Thermal restraint played a critical role in the observed damage patterns and residual behaviour of the structural elements. The beams, which were partially shielded by the slab and fixed at their supports, experienced restricted thermal expansion, generating additional axial forces and bending moments that exacerbated concrete spalling and tendon exposure. Similarly, columns subjected to asymmetric heating exhibited thermal gradients across their sections, while surrounding framing elements limited lateral expansion. This restraint induced secondary stresses and curvature that accelerated material degradation and stiffness loss. These findings highlight that thermal restraint, often overlooked in simplified analyses, significantly influences the overall fire response and must be considered to achieve accurate post-fire safety assessments and reliable retrofitting strategies.

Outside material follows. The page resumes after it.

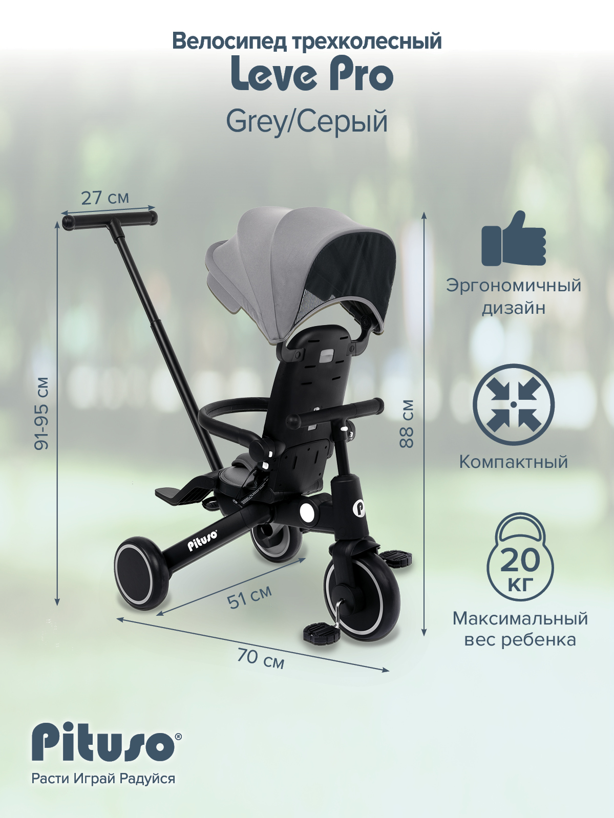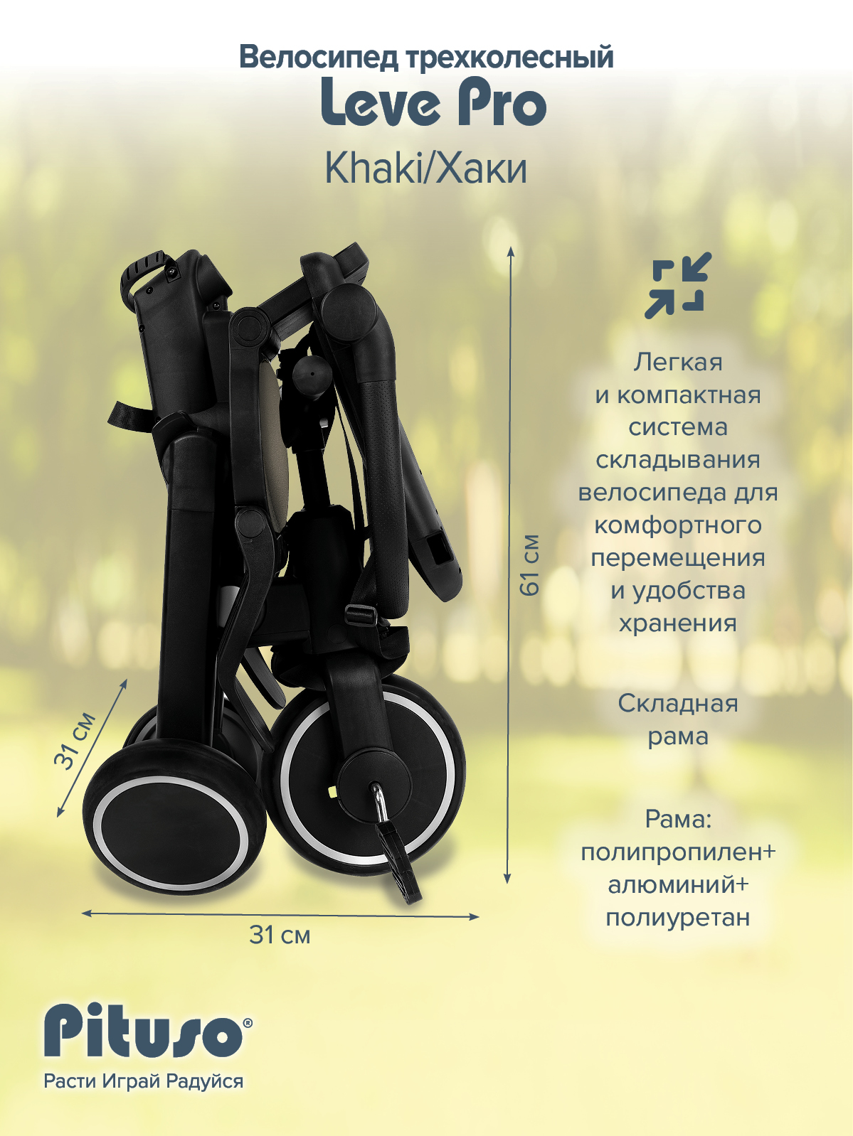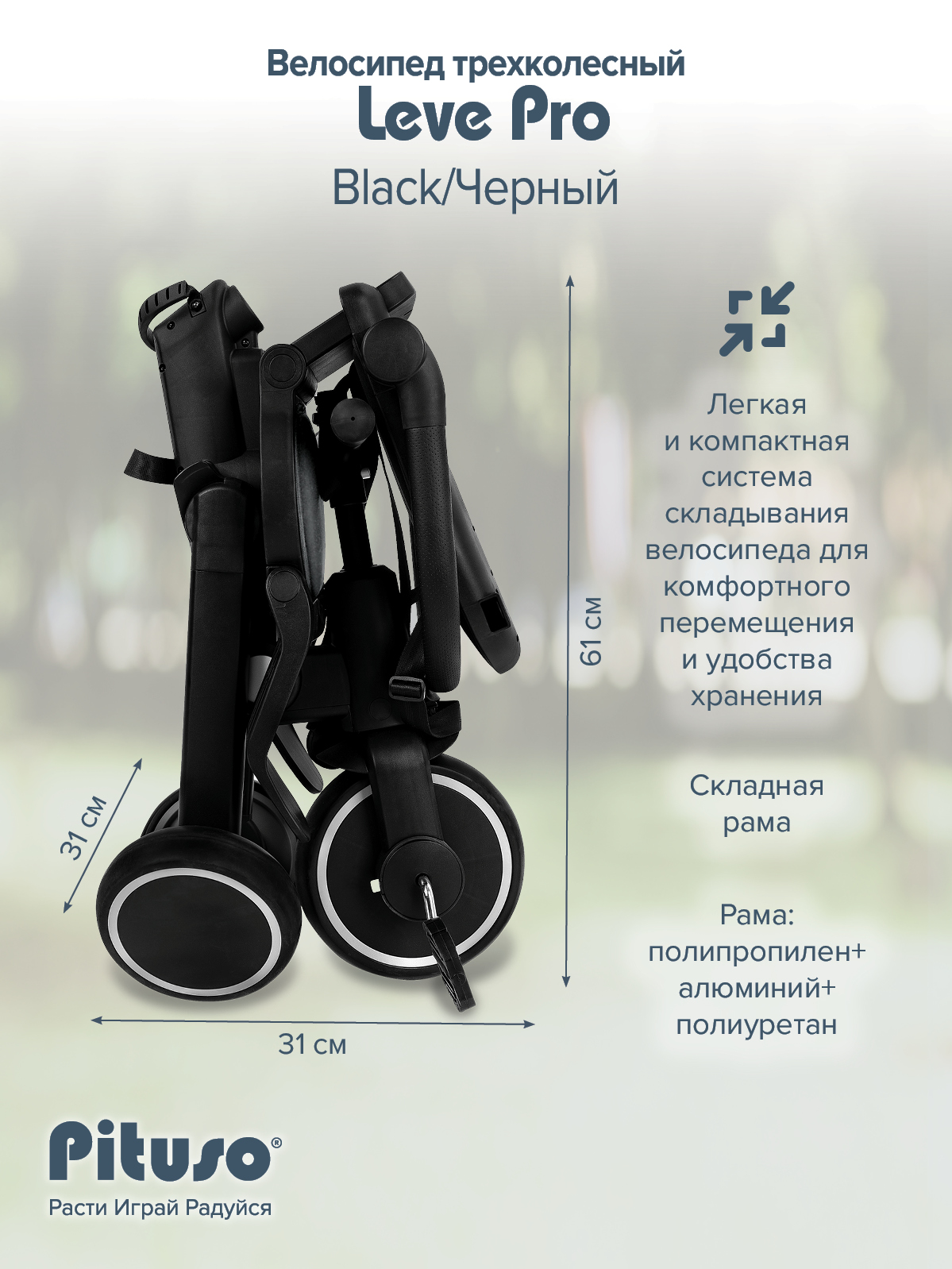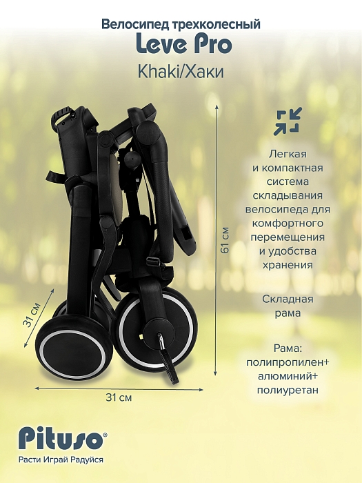Складной трехколесный велосипед Pituso Leve Pro, очень легкий ,

In conclusion, this paper contributes to performance-based fire engineering practices by demonstrating a robust and integrated methodology that combines detailed experimental diagnostics, advanced computational modelling, and material characterisation. The findings offer deeper insights into the thermal and mechanical behaviour of fire-damaged RC structures, emphasising the need to account for thermal restraint and fire-induced degradation in post-fire assessments. This knowledge supports more informed decision making processes, enabling engineers to evaluate structural integrity more reliably and to design targeted, cost-effective interventions. Ultimately, this approach promotes safer and more resilient reconstruction strategies, enhances the sustainability of repair measures, and provides a practical foundation for future research and engineering guidelines focused on improving the fire performance of similar structural systems.